Babies Mixed Up in Hospital, Families Decide to Raise Them Together

“The girls effectively grew up with four parents and eight grandparents, and the experiment worked.”

Caterina Alagna and Melissa Fodera, both 23 now, were raised by the wrong families for three years after a hospital mix-up in Mazara del Vallo, a fishing port in Sicily. The mothers realized the mistake when the girls were three years old, and swapped the toddlers back to the right families. Then, the biological families decided to raise the girls together.

“The girls effectively grew up with four parents and eight grandparents, and the experiment worked,” said Maura Caporiccio, author of Sisters Forever, a book about the girls’ story.

The two women were born 15 minutes apart on New Year’s Eve in 1998. Three years later, Marinella Alagna was picking up her daughter, Melissa, from nursery school and noticed a striking resemblance between another girl, Caterina, and her other two daughters. 

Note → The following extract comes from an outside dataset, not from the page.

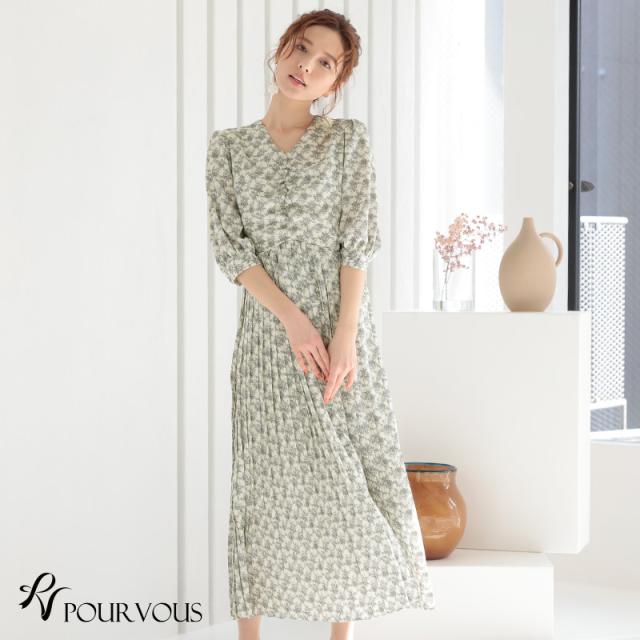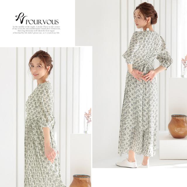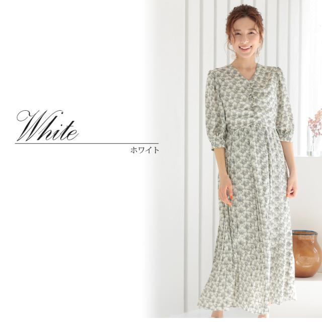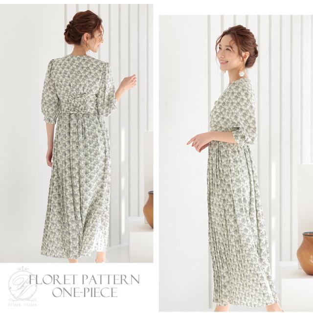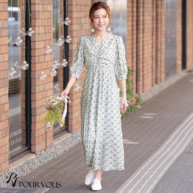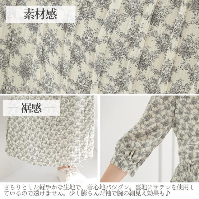 花柄プリーツスピンドルワンピース【596211222】20代・30代・40代・50代長袖・膝丈・セットアップ・スカート・体型カバー・ジャケット・テーラード・スーツ・大きいサイズなど・即日発送・送料無料結婚式・婚活・披露宴・顔合わせ・二次会・同窓会・お呼ばれ・食事会・謝恩会・親族・七五三・お宮参り・冠婚葬祭・弔事・女子会・デート・入学式・卒業式・入園式・卒園式・ママ・マタニティー・セレモニー・セレブ・パーティー

“I recognised Caterina’s mother, Gisella Fodera, from the maternity ward and got suspicious — 15 days later we did DNA tests and my mind went blank. It was too surreal, too impossible,” she said.

Initially, the situation was challenging and the families were not keen on the idea of swapping children. “I challenge anyone to raise a daughter for three years then give her up over a simple mistake,” said Fodera. 

The families then made the decision to gradually swap the girls and raise them together. The families grew increasingly close and the girls were inseparable. “We are a phenomenon. We have eight grandparents, two fathers, and two mothers,” said Caterina. 

Melissa said she and Caterina were told the truth when they were eight. “Today, neither of us have any memory of life before we were three,” she said.

“Today they are more like twins than sisters and there is a kind of love which binds the two families,” said Caporiccio.